**THE PROBLEM**
Since the records include pictures, leave those out while you reproduce exactly and only the lines from the one containing "click on 'Save'" through the one containing "Dès le coup", inclusive.

**DATA FOR THIS EXERCISE**
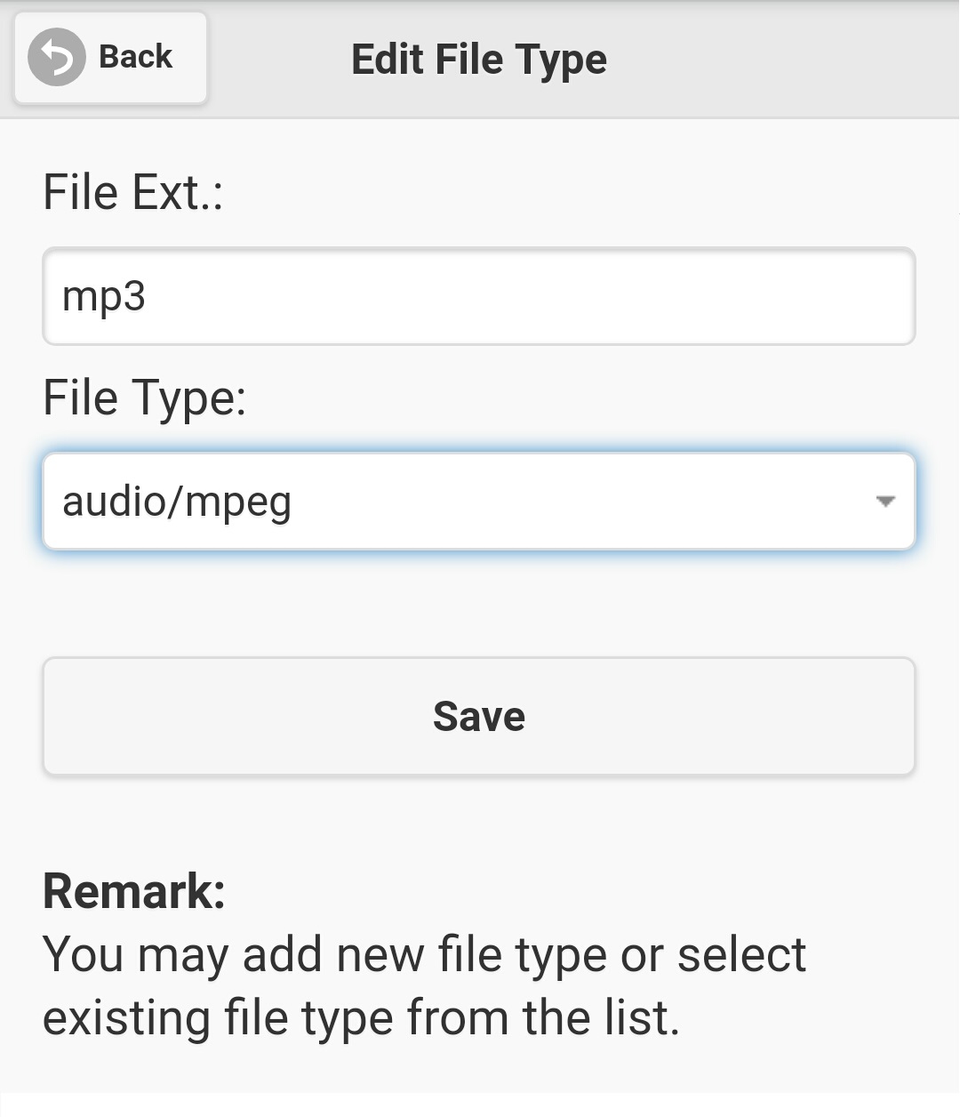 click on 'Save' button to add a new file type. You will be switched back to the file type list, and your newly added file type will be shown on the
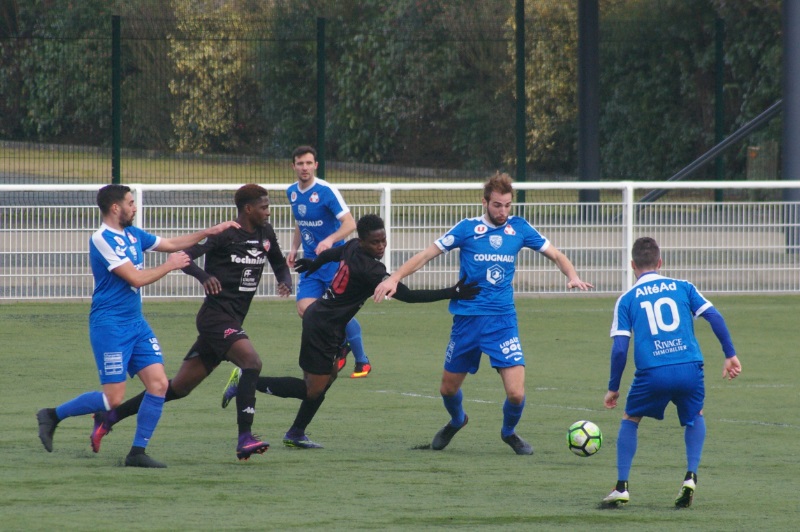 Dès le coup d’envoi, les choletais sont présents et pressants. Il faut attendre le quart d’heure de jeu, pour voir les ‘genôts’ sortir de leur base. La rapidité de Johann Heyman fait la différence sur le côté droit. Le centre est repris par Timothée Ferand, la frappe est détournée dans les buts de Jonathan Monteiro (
* * *
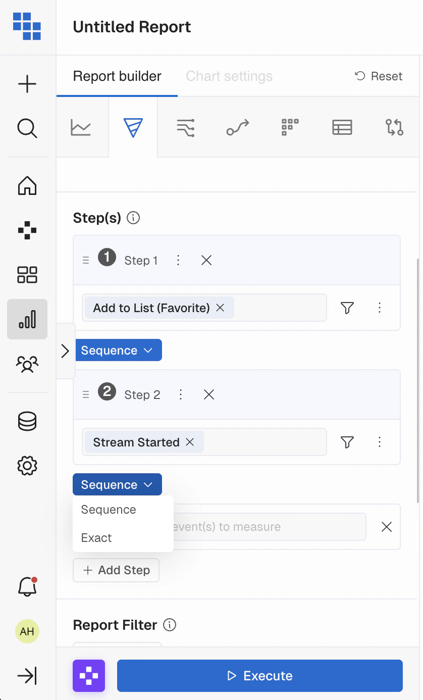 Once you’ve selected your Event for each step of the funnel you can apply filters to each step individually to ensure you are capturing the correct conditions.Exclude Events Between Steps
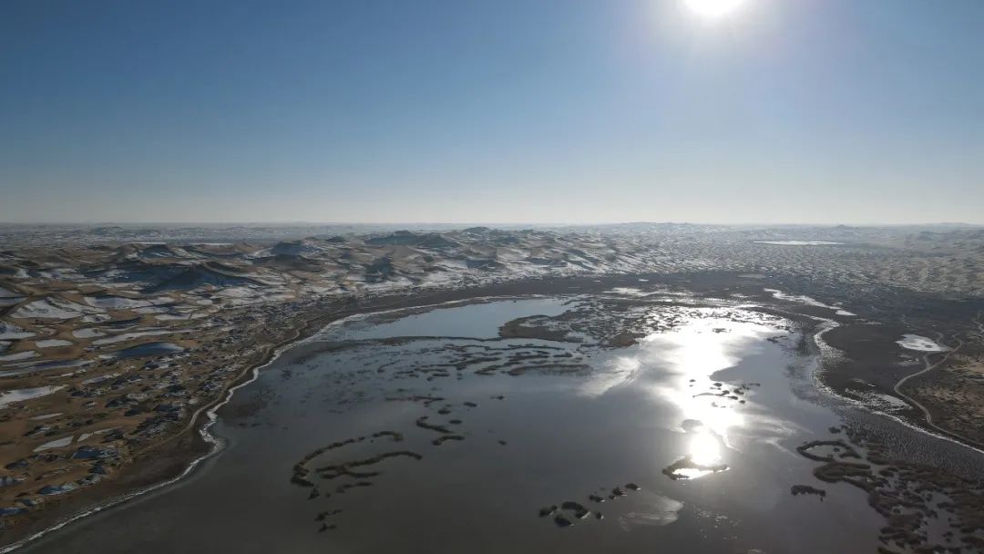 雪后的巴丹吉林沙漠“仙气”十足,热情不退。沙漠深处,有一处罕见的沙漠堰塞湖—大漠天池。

**EXERCISE SOLUTION**
 click on 'Save' button to add a new file type. You will be switched back to the file type list, and your newly added file type will be shown on the
 Dès le coup d’envoi, les choletais sont présents et pressants. Il faut attendre le quart d’heure de jeu, pour voir les ‘genôts’ sortir de leur base. La rapidité de Johann Heyman fait la différence sur le côté droit. Le centre est repris par Timothée Ferand, la frappe est détournée dans les buts de Jonathan Monteiro (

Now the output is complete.